魔獣たる自分。どんな獣よりも我の強い、最強の獣である自分。

そんな自分が、よりにもよって畏怖の念を抱かされるとは。しかも、そこに現れただけで――――――――――


(やばい……!!こいつヤバい!!一刻も早く―――殺さないと!!!!)


瞬時に構えを取り、飛びかかろうと足に力を込める流歌。その一連の動作は、時間にすれば0.1秒もなかっただろう。





―――――が。それよりも早く―――――青狼が動いた。










『ヴオオオオオオオオオオオオオオオオオオオオオオオオオオオオオオオオオオオオオオオオオオオオオオオオオオオオオオオオオオオオオオオオオオオオオオオオオオオオオオオオオオオオオオオオオオオオオオオオオオオオオオオオオオオオオオオオオオオンンンッ!!!!!』










その瞬間、山々の獣が一斉に耳を伏せ、尻尾を巻き、物陰で伏せ、息を潜めた。

純粋な獣だからこそ間髪入れずに伝わったメッセージは、獣憑きであるルカにも、コンマ数秒遅れて叩き込まれた。










―――――――――――――――『跪け』―――――――――――――――










『あ……あうっ!!?』


がくん、と流歌の膝が折れ、地につく。

力が抜けた訳ではなかった。寧ろ―――――強烈な勢いで『膝が叩き付けられた』というのが正しいだろうか。

体中の細胞が、『跪かないと不味い』と警報を鳴らしている。ミシミシと音を立てて、身体全体が地面に向けて沈み込んでいくようだ。

奴が力を使いこなせていなくてよかった、と流歌は考えた。

もしも使いこなせていたら――――――――――流歌の身体は、一瞬で土下座まで追い込まれていただろう。


(だけどっ……ヤバいことには変わりないっ……!!)


もう一度咆哮を喰らえば、いくら流歌でも耐えられないだろう。瞬く間に地に頭をつけさせられる。

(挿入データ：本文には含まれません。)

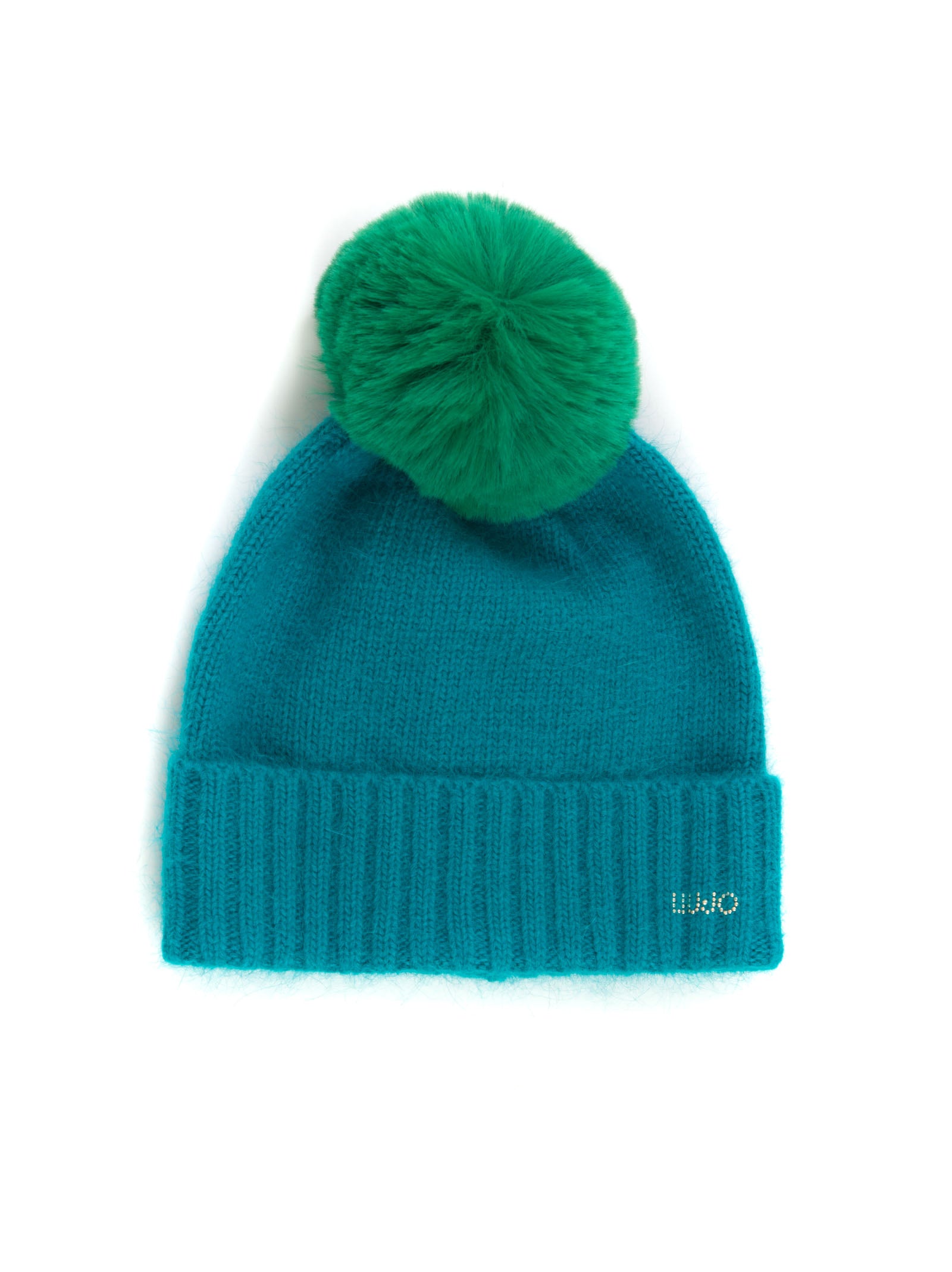 Cappello a coste, pompon, logo piccolo frontale, taglia unica, composizione: 55% poliammide, 20% viscosa, 20% altre fibre, 5% lana, altre fibrelinea: LIU JO.
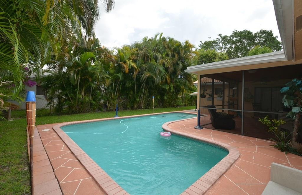 Beautiful 4 Bedroom, 2 Bath Brentwood Village Pool Home in Coral Springs! New Roof & A/C 2015. Formal living room, dining room & family room. Tile floors, crown molding & designer ceiling fans. Open & bright kitchen, white cabinets, corrian counters & tile. Both Bathrooms with new wood cabinets, granite counters & fixtures. Master bedroom with laminate wood floors & sliding glass doors to pool area. Screened back patio & pool surrounded by private backyard. Close to shopping, restaurants & schools.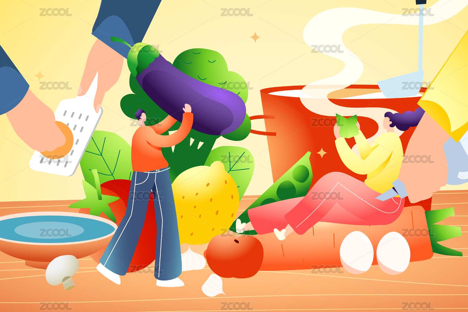 女孩,扁平插画,扁平人物,女生,温馨,温暖,水果,橙子,橘子,葡萄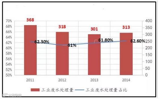 近年来,我国工业废水处理量达到300~370亿吨,处理率约为62%,虽然已取得显著进步,但仍有很大提升空间。

思案しているうちに―――――青狼が再び足を踏ん張り、肩を張った。もう一度、全力の咆哮を叩き付けるつもりだ。絶対的な服従を命令するために。


(や……やだ……やめてよ……!)


もう一度聞いてしまえば、もはや体は逃れられない。それほどまでに拘束力の強い青狼のメッセージ。

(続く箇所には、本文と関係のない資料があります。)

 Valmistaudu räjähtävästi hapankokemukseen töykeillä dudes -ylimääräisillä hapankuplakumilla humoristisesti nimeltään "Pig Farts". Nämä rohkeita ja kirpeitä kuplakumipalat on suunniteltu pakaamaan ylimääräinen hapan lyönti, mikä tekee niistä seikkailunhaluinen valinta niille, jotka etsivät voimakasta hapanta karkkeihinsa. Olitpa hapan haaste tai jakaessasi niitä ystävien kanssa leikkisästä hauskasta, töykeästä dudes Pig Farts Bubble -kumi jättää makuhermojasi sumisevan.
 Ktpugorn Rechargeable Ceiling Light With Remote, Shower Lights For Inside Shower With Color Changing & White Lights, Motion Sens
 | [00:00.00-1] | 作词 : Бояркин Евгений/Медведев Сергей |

一発目ですでに動きを封じられた。二発目を喰らえば、逆らうことすら不可能になる。

その恐怖で、流歌の思考は固まってしまった。


(いやぁああ……もう……ダメだっ……)


完全に折れてしまった流歌に追い打ちをかけるかのように、青狼が大きく息を吸った。





そして力強い咆哮を―――――――――――――――










『グ……………ガハァッ!!』










――――――――――――――――上げなかった。

ずうぅん、と地響きがする。そして何も起こらないことを疑問に思った流歌が恐る恐る目を開けてみると―――――


「……はぁ……はぁ……はぁ……」


荒い息をしながら、地面に横たわるレンがいた。

何が起きたのか―――――簡単だ。単純にエネルギー切れ。青狼という強大な力を持った獣は、手負いの状態で操れる存在ではなかったのである。


「……はは……九死に一生を得た……か」


さしもの流歌といえども、認めざるを得なかった。レンの強さを。空獣憑きの強さを。青狼の理不尽なまでの王者としての存在感を。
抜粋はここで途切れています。